It is no secret that medicine is expensive, but for many high-cost drugs, no one is developing cheaper alternatives. Competition lowers prices and drives investment. In the biosimilar market, poor regulations from the Food and Drug Administration and anticompetitive behavior from pharmacy benefit managers limit investment in less expensive versions of the most complex medicines.
One of the significant achievements of modern medicine is the creation of “biologics” — medicines with far longer chemical structures than regular “small molecule” drugs. From insulin to treat diabetes to many new cancer drugs, biologics save lives. Just as those small-molecule drugs have generic versions, biologics can have biosimilar versions that are just as effective but far less expensive.
Of the 118 biologics expected to lose patent protection by 2034, only 12 have biosimilars in development. Given the potential profit, companies should be racing to develop biosimilars. Instead, the FDA makes it unnecessarily expensive, and PBMs often won’t offer them.
On the FDA side, the United States was the only country for years that required biosimilars to pass separate interchangeability tests — often called switching studies. Thankfully, the FDA has released draft guidance recognizing that switching studies are unnecessary. Unfortunately, that change has not been finalized.

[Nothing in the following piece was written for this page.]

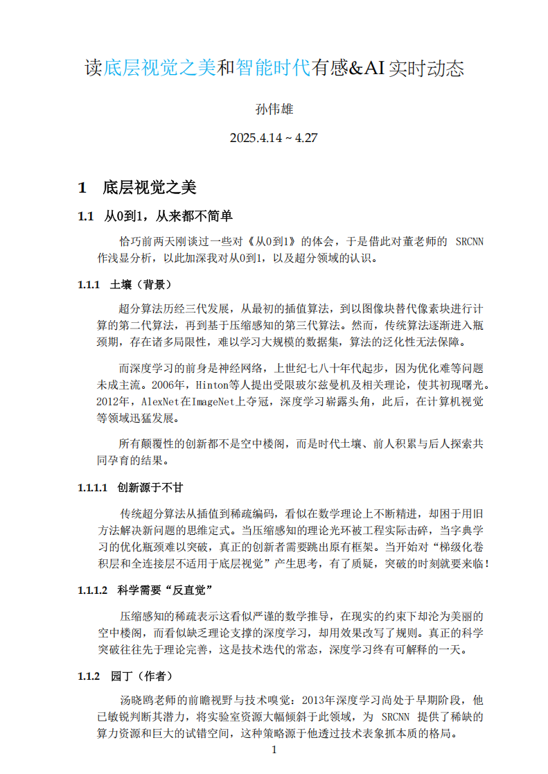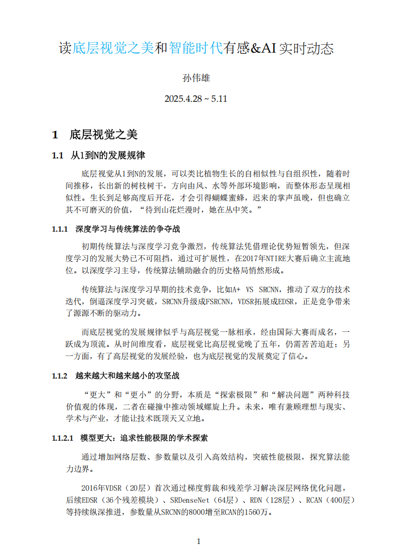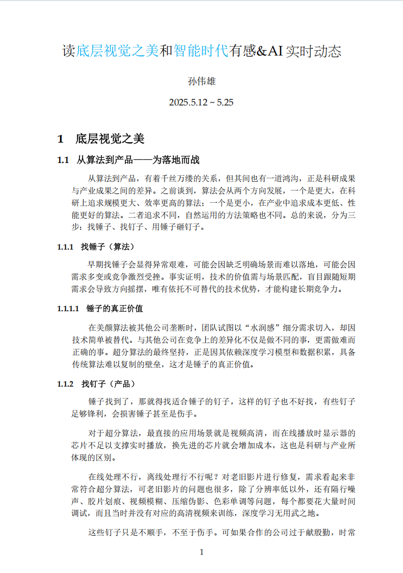 如今,孙伟雄正跟随学术导师董超老师做“计算机底层视觉”的相关研究。这项研究的直接应用包括复原老照片、将旧视频修复至4K高清画质,以及优化手机的数码变焦功能等。同时,孙伟雄也坚持研读计算机理论相关书籍,并将所学所思整理成读后感,不断夯实学术基础。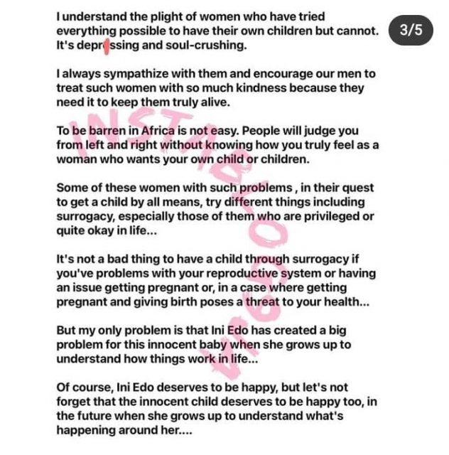 He then advised women who want to go through the surrogacy process just like Ini Edo to do it with men they like so that the child can have and know their father

These studies focus on whether there are any effects when switching from the original biologic to a biosimilar and add large costs to an already expensive process. Developing biosimilars typically costs $100 million to $300 million and takes six to nine years before an additional $100 million to $300 million for switching studies. These studies effectively double the cost of producing biosimilars without providing additional patient safety.
The European Union has authorized 120 biosimilars, all automatically considered interchangeable with the reference product. The United States has 75, with only 21 deemed interchangeable. The United States can compete internationally if given the chance. Four of the top 10 biosimilar firms are American — including the top two — yet our market remains constrained. Of the 19 biologics with approved biosimilars, 11 have none granted interchangeable status. Interchangeability tests are costly and create a stigma for biosimilars without them, and make those without impossible for pharmacists to dispense instead of an expensive name-brand biologic.
PBMs are the other major obstacle to patient access. Humira has had 10 approved biosimilars, yet PBMs often won’t offer them. Humira is covered by 99 percent of health plans, yet only 53 percent cover at least one of its biosimilars — even though four already hold FDA interchangeable status.
When biologics can’t get into the market, there is little reason for manufacturers to bother making them. The result is fewer lower-cost biosimilars and less competition bringing prices down for patients.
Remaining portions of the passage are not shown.